Elevance Health is moving toward a simpler and more streamlined clinical review process through its Health OS platform.
Health OS is a secure data platform built by payers to integrate data from key sources such as electronic health records, laboratories, and health information exchanges to support faster clinical decision-making without significant administrative effort from providers.
It also connects with other data systems, such as Epic’s Payer Platform, to match the data you need. Elevance was the first company to rely on Epic’s tools to address concurrent inpatient care reviews, which occur when a patient is admitted for one condition, such as treatment for pneumonia, and then develops a co-occurring issue, such as sepsis.
These types of reviews have traditionally required manual documentation, which can result in delays, incomplete information, or additional administrative effort.
Ashok Chennuru, chief data and digital transformation officer at Elevance Health, told Fierce Healthcare that Epic’s platform helps bring together disparate data sources into a common format, making it easier for teams to use. Epic’s integration with many providers also allows for pre-approvals in a more streamlined manner, he said.
This commitment to simultaneous review fits into Elevance’s broader commitment to payment accuracy and completeness and ensures that claims are paid properly the first time, he said.
Chennuru said refusals are often due to missing or missing information. Addressing this issue is a win-win for everyone involved in the transaction: payers, providers, and patients.
“Most of the providers we have talked to are willing to work with us because they see it as a clear win-win for both of us,” he said.
Through Health OS, the insurer saw a 61% reduction in prior authorization denials and a 60% reduction in cases placed on “pending” due to missing information related to concurrent reviews.
Additionally, Elevance found that follow-up reviews, including peer-to-peer discussions and appeals, decreased by 51% as submitted information became more complete. Additionally, through collaboration with some health system partners, we have been able to save approximately 15 minutes of administrative time per case.

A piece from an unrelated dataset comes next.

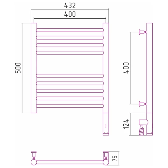 Полотенцесушитель электрический 500x400 темный титан муар МЭМ правый, перемычка прямая Сунержа Богема 3.0 15-5805-5040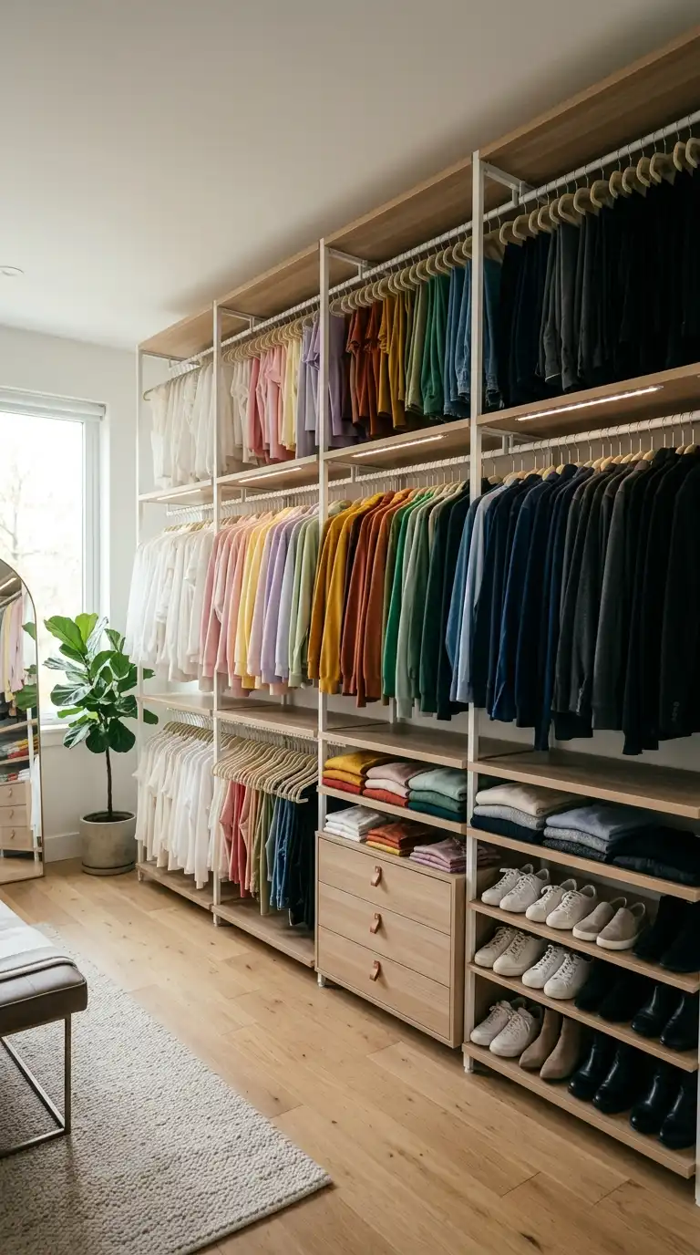 An open wardrobe becomes a visual statement when organized by color. Arrange clothing in a gradient from light to dark, creating a rainbow effect that transforms garments into art. This approach requires a disciplined approach to editing and organization but results in a stunning, Instagram-worthy display. Use uniform hangers to maintain consistency, and limit the palette to colors that work together harmoniously. This design is perfect for those who view their wardrobe as an extension of their personal style.

Mr. Chennuru noted that the time savings as a result of the program were significant and positive. The platform also supports increased transparency for providers, the insurer said.

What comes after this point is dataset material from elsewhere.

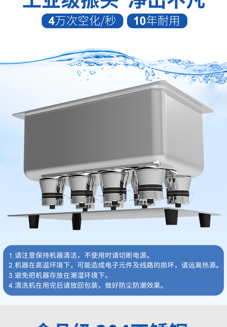 - 工業(yè)換能器: 采用工業(yè)震頭40KHz,力度強勁效果佳;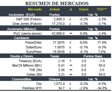 • Bonos: La curva de futuros de EUA registra movimientos positivos en todos los nodos, en promedio de 4pb. El bono del tesoro de 10 años cayó, impulsando su rendimiento a un nivel cercano al nivel mínimo en seis semanas.

“Now we can get them to focus on the real value,” Chennuru said.
Beyond concurrent reviews, Elevance Health relies on Health OS to enhance its use of electronic prior authorizations. Last year, the company was one of many companies to sign an industry pledge to move to electronic prequalification submissions.
Elevance said in the announcement that it has electronically processed more than 250,000 prior authorizations since April and has 30 health systems actively participating in its digital program.
The insurer said 42% of these decisions were resolved within one minute.
Electronic pre-authorization speeds patient decision-making and further reduces the paperwork required to manage submissions, the company said.
Chennuru said these programs are an important step towards a more technologically enabled future where these administrative processes run much more smoothly for the benefit of all stakeholders.
“We use that information to address gaps in care and other clinical insights and take next-best steps to support healthcare providers, as well as simplify administrative processes,” he said. “That’s really where we see this going.”